● TASK INPUTS:
• • • •

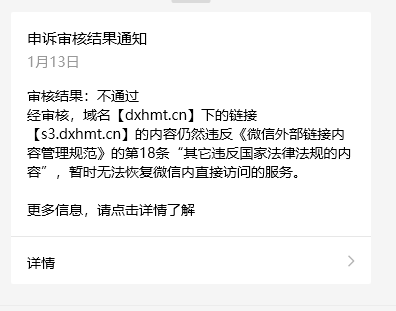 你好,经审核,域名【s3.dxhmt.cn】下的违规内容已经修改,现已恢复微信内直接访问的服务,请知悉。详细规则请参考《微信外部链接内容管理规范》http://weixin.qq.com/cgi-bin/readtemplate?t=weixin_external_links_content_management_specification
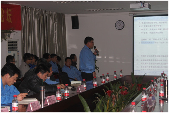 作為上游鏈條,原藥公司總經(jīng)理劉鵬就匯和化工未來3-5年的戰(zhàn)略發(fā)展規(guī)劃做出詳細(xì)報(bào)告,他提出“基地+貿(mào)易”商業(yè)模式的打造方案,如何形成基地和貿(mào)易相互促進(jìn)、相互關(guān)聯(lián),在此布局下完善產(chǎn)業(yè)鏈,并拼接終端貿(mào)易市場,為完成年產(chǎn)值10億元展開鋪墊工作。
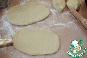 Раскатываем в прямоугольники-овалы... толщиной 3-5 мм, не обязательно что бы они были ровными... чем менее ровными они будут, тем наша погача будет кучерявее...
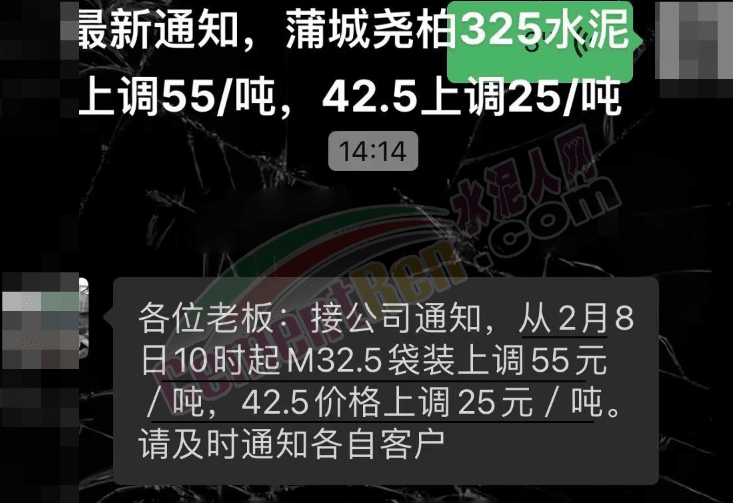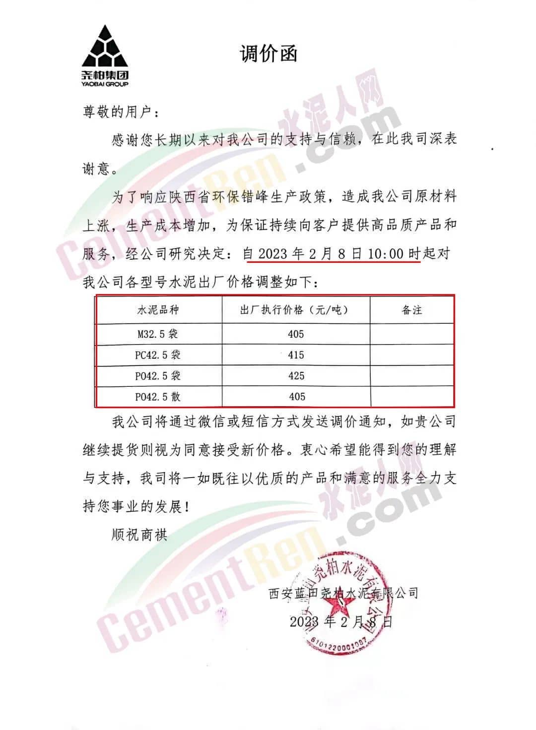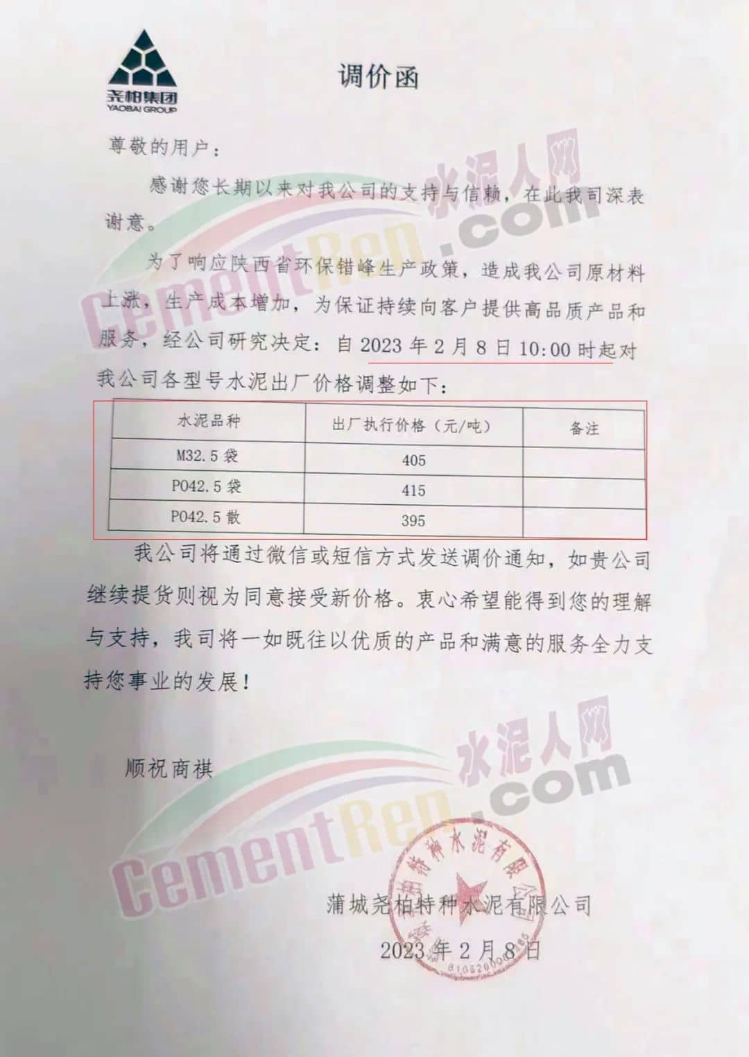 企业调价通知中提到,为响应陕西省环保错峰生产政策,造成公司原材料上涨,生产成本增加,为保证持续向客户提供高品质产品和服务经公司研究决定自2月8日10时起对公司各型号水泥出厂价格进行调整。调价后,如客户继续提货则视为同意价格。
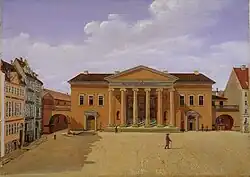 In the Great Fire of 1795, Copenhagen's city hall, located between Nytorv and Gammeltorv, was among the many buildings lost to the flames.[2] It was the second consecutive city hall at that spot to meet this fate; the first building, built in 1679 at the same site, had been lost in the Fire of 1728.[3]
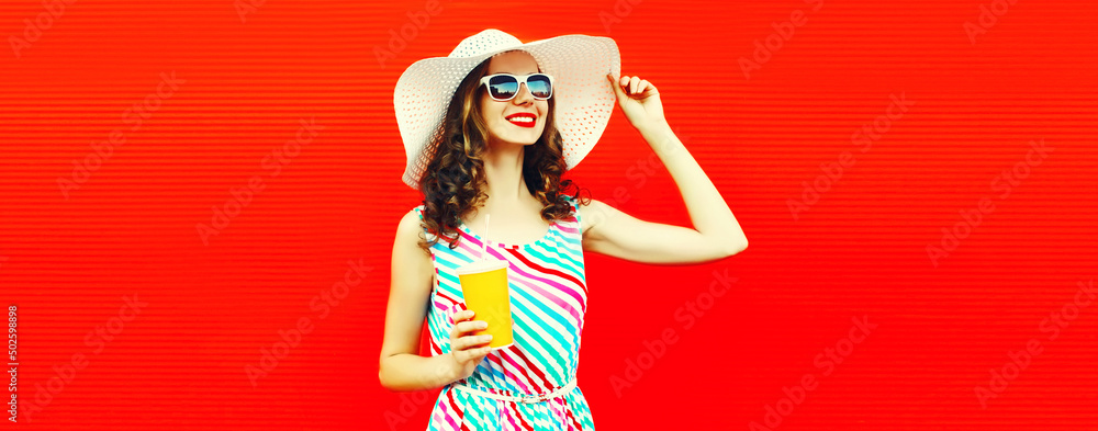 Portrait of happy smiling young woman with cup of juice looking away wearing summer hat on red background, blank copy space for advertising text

• • • •

● ASSIGNMENT:
Reproduce each entry word for word and cut the images.

● RESPONSE AREA:
 你好,经审核,域名【s3.dxhmt.cn】下的违规内容已经修改,现已恢复微信内直接访问的服务,请知悉。详细规则请参考《微信外部链接内容管理规范》http://weixin.qq.com/cgi-bin/readtemplate?t=weixin_external_links_content_management_specification
 作為上游鏈條,原藥公司總經(jīng)理劉鵬就匯和化工未來3-5年的戰(zhàn)略發(fā)展規(guī)劃做出詳細(xì)報(bào)告,他提出“基地+貿(mào)易”商業(yè)模式的打造方案,如何形成基地和貿(mào)易相互促進(jìn)、相互關(guān)聯(lián),在此布局下完善產(chǎn)業(yè)鏈,并拼接終端貿(mào)易市場,為完成年產(chǎn)值10億元展開鋪墊工作。
 Раскатываем в прямоугольники-овалы... толщиной 3-5 мм, не обязательно что бы они были ровными... чем менее ровными они будут, тем наша погача будет кучерявее...
 企业调价通知中提到,为响应陕西省环保错峰生产政策,造成公司原材料上涨,生产成本增加,为保证持续向客户提供高品质产品和服务经公司研究决定自2月8日10时起对公司各型号水泥出厂价格进行调整。调价后,如客户继续提货则视为同意价格。
 In the Great Fire of 1795, Copenhagen's city hall, located between Nytorv and Gammeltorv, was among the many buildings lost to the flames.[2] It was the second consecutive city hall at that spot to meet this fate; the first building, built in 1679 at the same site, had been lost in the Fire of 1728.[3]
 Portrait of happy smiling young woman with cup of juice looking away wearing summer hat on red background, blank copy space for advertising text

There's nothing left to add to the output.